I have noticed that many people have a hard time understanding what volumes are and how to use them effectively.

So what is a volume? A volume can be a directory that is located outside of the root filesystem of your container. This allows you to import this directory in other containers. You can also use volumes to mount directories from your host machine inside a container.

# create a new volume in /www
docker run -v /www ubuntu echo yo

# create a new volume mounted to your host machine
docker run -v /host/logs:/container/logs ubuntu echo momma

So pretty simple, right? So what actually happens under the hood when you specify a volume?

Under the hood

So with the command docker run -v /www ubuntu echo yo a container is created in /var/lib/docker/containers with the rootfs setup for COW from the ubuntu image. Then a new volume is created in /var/lib/docker/volumes for the data that is placed in /www for the container. We can run docker inspect to see the volume configuration.

... stufff
    "HostnamePath": "/var/lib/docker/containers/831d4ecbdf2e096475365b019b211f74aff7a3cea3c443570e1fd2f2bb0dc843/hostname",
    "HostsPath": "/var/lib/docker/containers/831d4ecbdf2e096475365b019b211f74aff7a3cea3c443570e1fd2f2bb0dc843/hosts",
    "Volumes": {
        "/www": "/var/lib/docker/volumes/ec3c543bc92f114c2c568733541e89381881e5a62996d7084e07793f86280535/layer"
    },
    "VolumesRW": {
        "/www": true
    }
}

By inspecting the container we can see that we have a new volume and the full path to the volume's data on disk. You will also notice the field VolumesRW denoting that this volume is Read/Write.

This simple from the user's perspective. You just specify a -v with the directory that you want to use as a volume and your done. Now what's up with mounting directories from the host system?

Host mounts

There are a few use cases where you want to mount a directory from your host system into the container. Just remember that this is not portable. You may have a specific directory structure on your development machine that is not on your production servers causing issues when you try to move the container. Many people also feel like they need to mount the data directory of their database container to the host machine so that it can be backed up. However, you can see all the files for your "normal" volumes are stored in /var/lib/docker/volumes on the host filesystem. Docker containers are not like VM's where your data is not locked into some disk image. So usually mounting to the host is not needed.

Volumes From

Ok, so now we have a container running with a volume specified. What can we do with it? For this example lets say that we have container A that is a web frontend and it writes logs to /logs/webapp. When we ran the frontend container we specified -v /logs/webapp to create a volume. Next we need some type of process to collect the logs and push them into a central repository.
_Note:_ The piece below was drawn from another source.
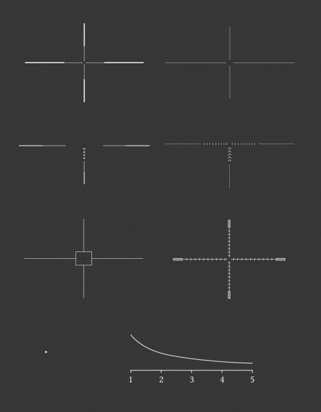 В прицеле предусмотрено семь стилей и четыре цвета (чёрный, белый, зелёный и красный) прицельной сетки. Внешний вид и цвет сетки настраивается в зависимости от предпочтений стрелка и условий наблюдения. Кроме того, отдельно к прицельной сетке можно включить дальномерную шкалу.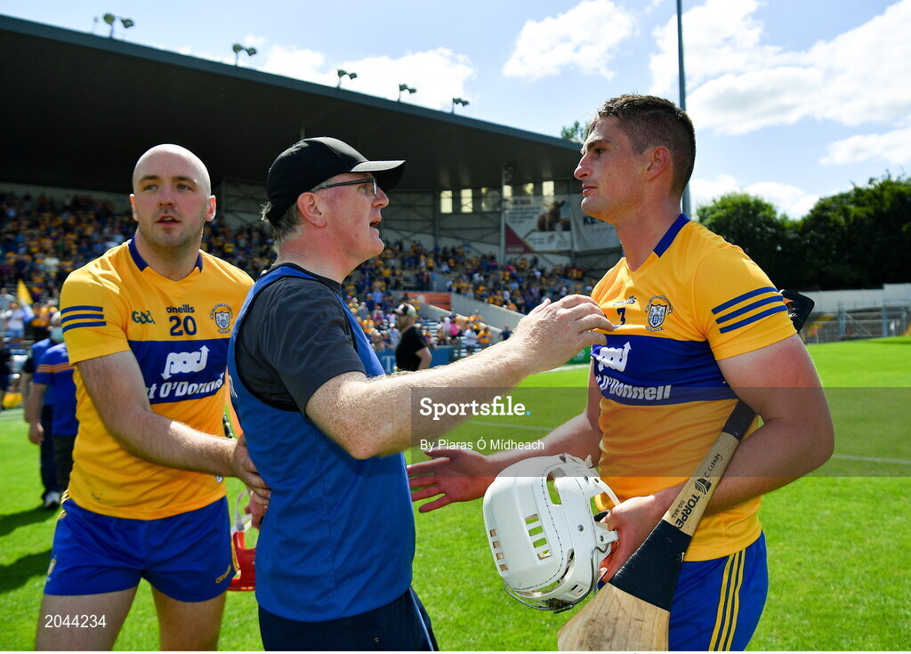 17 July 2021; Clare manager Brian Lohan with Conor Cleary after their side's victory in the GAA Hurling All-Ireland Senior Championship Round 1 match between Clare and Wexford at Semple Stadium in Thurles, Tipperary. Photo by Piaras Ó Mídheach/Sportsfile

We can have container B start and reference the volume from A to gain access to it's logs.

docker run -volumes-from A log-daemon collect

We use the -volumes-from flag and pass the container's ID to gain access to it's volumes. Now our daemon can cd into /logs/webapp and start processing the logs. Easy, simple, and boring. Now lets do something cool.

The cool stuff

So how can we push volumes to the limit? I currently have docker running a minecraft server. I have a minecraft server instance running and the directory with all the world data is located in /minecraft. There is another cool project called Overviewer that will generate a "google map" like, uhh, map of your world as an html site. You give overviewer.py the path to your world files and an output directory to write the result to.

So this stack has three components. The actual game server, a worker that takes data from the server and generates html, and a web server to serve the static file output of the map. What docker and volumes allows us to do is to separate our concerns so that the web server does not have to be in the same container as the game server and the worker that generates the map does not have to run in the same container as the web or game servers. Just like functions and classes in your code, containers should do one thing and do that well.

WebServer (web frontend)

So lets look at how the web server is built and configured. It is a static file server that just serves files out of a directory to a specified port and ip. If you want to see the web server code look here.

FROM busybox

ADD server server

VOLUME /www
USER daemon
EXPOSE 8000

ENTRYPOINT ["/server", "-h", "0.0.0.0", "-p", "8000", "-dir", "/www"]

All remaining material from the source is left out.